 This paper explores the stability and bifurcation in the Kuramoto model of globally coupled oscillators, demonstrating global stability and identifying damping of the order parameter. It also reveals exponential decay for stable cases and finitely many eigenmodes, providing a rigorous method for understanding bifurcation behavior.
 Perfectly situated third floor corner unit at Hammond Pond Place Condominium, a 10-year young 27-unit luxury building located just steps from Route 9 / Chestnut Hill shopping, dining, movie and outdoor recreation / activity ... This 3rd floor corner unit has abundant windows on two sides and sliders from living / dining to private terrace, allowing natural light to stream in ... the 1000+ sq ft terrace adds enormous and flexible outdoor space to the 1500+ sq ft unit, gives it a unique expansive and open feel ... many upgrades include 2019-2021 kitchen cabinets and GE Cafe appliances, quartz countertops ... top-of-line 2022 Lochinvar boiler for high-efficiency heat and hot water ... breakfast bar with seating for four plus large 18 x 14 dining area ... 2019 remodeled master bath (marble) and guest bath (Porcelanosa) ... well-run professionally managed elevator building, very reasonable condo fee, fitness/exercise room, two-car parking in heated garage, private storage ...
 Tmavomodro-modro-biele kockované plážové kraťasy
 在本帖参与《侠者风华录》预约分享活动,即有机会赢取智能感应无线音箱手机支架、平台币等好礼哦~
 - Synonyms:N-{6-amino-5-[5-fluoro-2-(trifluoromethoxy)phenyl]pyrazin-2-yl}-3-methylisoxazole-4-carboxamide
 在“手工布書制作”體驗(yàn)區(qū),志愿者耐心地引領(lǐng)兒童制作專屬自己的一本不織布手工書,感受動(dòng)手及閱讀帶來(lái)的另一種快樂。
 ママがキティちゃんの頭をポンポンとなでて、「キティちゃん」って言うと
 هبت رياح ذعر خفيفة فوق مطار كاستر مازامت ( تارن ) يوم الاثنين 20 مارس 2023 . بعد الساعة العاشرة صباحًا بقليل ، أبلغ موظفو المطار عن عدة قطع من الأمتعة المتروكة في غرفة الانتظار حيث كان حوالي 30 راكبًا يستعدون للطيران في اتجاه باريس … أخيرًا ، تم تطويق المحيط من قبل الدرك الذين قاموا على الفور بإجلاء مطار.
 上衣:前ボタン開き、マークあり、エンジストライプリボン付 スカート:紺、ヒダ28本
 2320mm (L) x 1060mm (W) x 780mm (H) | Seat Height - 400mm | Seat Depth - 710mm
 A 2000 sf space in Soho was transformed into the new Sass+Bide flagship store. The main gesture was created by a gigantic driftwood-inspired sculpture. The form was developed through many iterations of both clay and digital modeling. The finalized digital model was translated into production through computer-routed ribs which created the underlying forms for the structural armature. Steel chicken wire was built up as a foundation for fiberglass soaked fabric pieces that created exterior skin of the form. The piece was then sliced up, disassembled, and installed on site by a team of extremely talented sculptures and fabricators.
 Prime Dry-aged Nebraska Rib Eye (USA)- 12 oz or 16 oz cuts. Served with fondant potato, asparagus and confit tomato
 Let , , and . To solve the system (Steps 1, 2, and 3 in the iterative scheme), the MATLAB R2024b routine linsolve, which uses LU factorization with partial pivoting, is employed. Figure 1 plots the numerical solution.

■ **WHAT TO DO**:
Repeat, exactly as they stand above, the lines from the line with "Tmavomodro-modro-biele kockované plážové" to the line with "2320mm (L) x", both lines included.

■ **REPLY**:
 Tmavomodro-modro-biele kockované plážové kraťasy
 在本帖参与《侠者风华录》预约分享活动,即有机会赢取智能感应无线音箱手机支架、平台币等好礼哦~
 - Synonyms:N-{6-amino-5-[5-fluoro-2-(trifluoromethoxy)phenyl]pyrazin-2-yl}-3-methylisoxazole-4-carboxamide
 在“手工布書制作”體驗(yàn)區(qū),志愿者耐心地引領(lǐng)兒童制作專屬自己的一本不織布手工書,感受動(dòng)手及閱讀帶來(lái)的另一種快樂。
 ママがキティちゃんの頭をポンポンとなでて、「キティちゃん」って言うと
 هبت رياح ذعر خفيفة فوق مطار كاستر مازامت ( تارن ) يوم الاثنين 20 مارس 2023 . بعد الساعة العاشرة صباحًا بقليل ، أبلغ موظفو المطار عن عدة قطع من الأمتعة المتروكة في غرفة الانتظار حيث كان حوالي 30 راكبًا يستعدون للطيران في اتجاه باريس … أخيرًا ، تم تطويق المحيط من قبل الدرك الذين قاموا على الفور بإجلاء مطار.
 上衣:前ボタン開き、マークあり、エンジストライプリボン付 スカート:紺、ヒダ28本
 2320mm (L) x 1060mm (W) x 780mm (H) | Seat Height - 400mm | Seat Depth - 710mm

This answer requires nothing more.